In hindsight, now that I realize you can more explicitly tell the Trainer class how a JSON string should be completed, it may be totally unnecessary for me to include the users array and the msg_count value, so I will definitely do some experimenting with this extra metadata removed to see if the LLM ever generates text for extra users or responds more than once, since as I mentioned in my previous post, this LLM is essentially being trained on group chats but intended to be used in chats with only a user and an AI, and so I included this extra metadata to mitigate the LLM responding from random perspectives or too many times.

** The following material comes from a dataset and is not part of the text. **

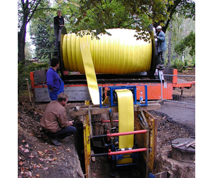 Minimising insertion forcesIn order to make the liner insertion as gentle as possible and with as little pulling force as possible, Rädlinger Primus Line now folds the liner into a U-shape instead of flat. In addition, deflection rollers reduce the insertion forces. Twist arresters for the cable winch also prevent the cable and thus the liner from twisting during insertion. An optimised insertion angle also helps to minimise insertion forces.

Also, I am bummed to read in these two links here and here that it is not so simple to simply turn off shuffling datasets, as I sorta put in a decent amount of work in my harvest process to order these inputs in a way where I will control how my data is shuffled while still maintaining a scaffolding within the data, but again, I am not even sure if I am correct in my understanding that the order matters in the way I described above, but what can ya do? I guess I can try to override the settings, which I tried, but so far have not gotten to work.

Anyways, hope this maybe helps someone who was confused as I was!